High Court decision on NZYQ could lead to tens of millions of dollars worth of immigration claims

There are warnings a High Court ruling allowing a man to sue for false imprisonment over his indefinite immigration detention will lead to more claims running into the tens of millions of dollars.

Safwat Abdel-Hady was placed in immigration detention in 2017 after a criminal conviction.

He argues he was falsely imprisoned when he was kept in indefinite immigration detention, even after the government admitted that from mid-2022 he could not be removed from Australia for health reasons.

Mr Abdel-Hady, who is Austrian, suffers a condition which carries a high risk of thrombosis which prevents him from flying.

Today’s case only applied to the date from which the government conceded he could not travel, from July 2022 until the High Court ruling in November 2023, and that indefinite immigration detention is illegal where there is no real prospect of removal from Australia becoming practicable in the reasonably foreseeable future.

Those who were released after the ruling have become known as the NZYQ cohort.

Mr Abdel-Hady’s case has been in the Federal Court for some time, but was taken to the High Court by the government.

It wanted the court to find that even if Mr Abdel-Hady had been falsely imprisoned the government should not be liable.

The High Court found the government’s case, that it and its officers had a defence against liability for false imprisonment under the common law, failed at the level of constitutional principle.

The majority decision said it did not accept that immunity applied in circumstances where the limits of the power of the officers and the government were exceeded.

“To do so would amount to an inversion, if not a perversion, of constitutional principle,”

the High Court said.

The court said if it accepted the defence proposed by the Commonwealth it would provide an unsustainable protection to the officers for unlawful acts based on the court’s ruling rather than the law.

“That result would purport to confer on this court’s reasons or conclusions an authority they do not possess,” the High Court said.

Compensation to come

While today’s ruling against the government has cleared the way for Mr Abdel-Hady to seek compensation, just how much money is involved is yet to be determined.

A man with black rimmed glasses wits on a television set with the backdrop of a blue sky and water.

Mr Barnes says there were likely hundreds of former detainees in the same position. (ABC News)

Greg Barnes from the Australian Lawyers Alliance said it could lead to claims running into the tens of millions of dollars from those who were released after the High Court ruling that indefinite immigration detention was illegal.

“The High Court decision means that an unlawful non-citizen whose removal from Australia has no real prospect of becoming practicable in the reasonably foreseeable future can sue for false imprisonment.” Mr Barnes said.

Mr Barnes said there were likely to be at least 340 former detainees affected by the 2023 decision.

Shadow Minister for Immigration Jonno Duniam said it was a disaster for the government.

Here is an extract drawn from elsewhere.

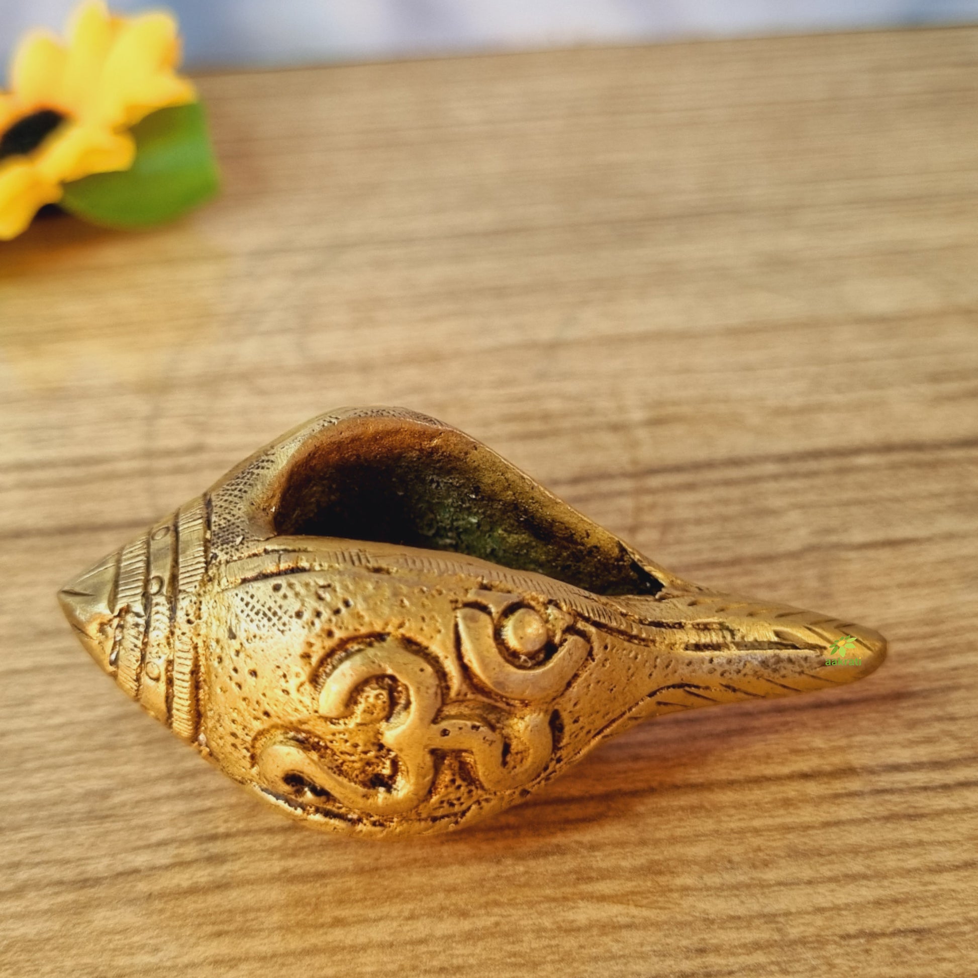 Handcrafted Brass Shankh | Perfect for Pooja and Divine Decor | Divine Brass Shankh ( Yellow, 2.8 inch)

“The High Court has today made clear that the Commonwealth does not have the defence it sought in this case,”

Mr Duniam said.

“That means taxpayers may now be exposed to tens of millions of dollars in further liabilities because this government failed to properly manage the legal and practical consequences of NZYQ.”

The government said it had noted the decision of the High Court and was carefully considering the judgement and its implications.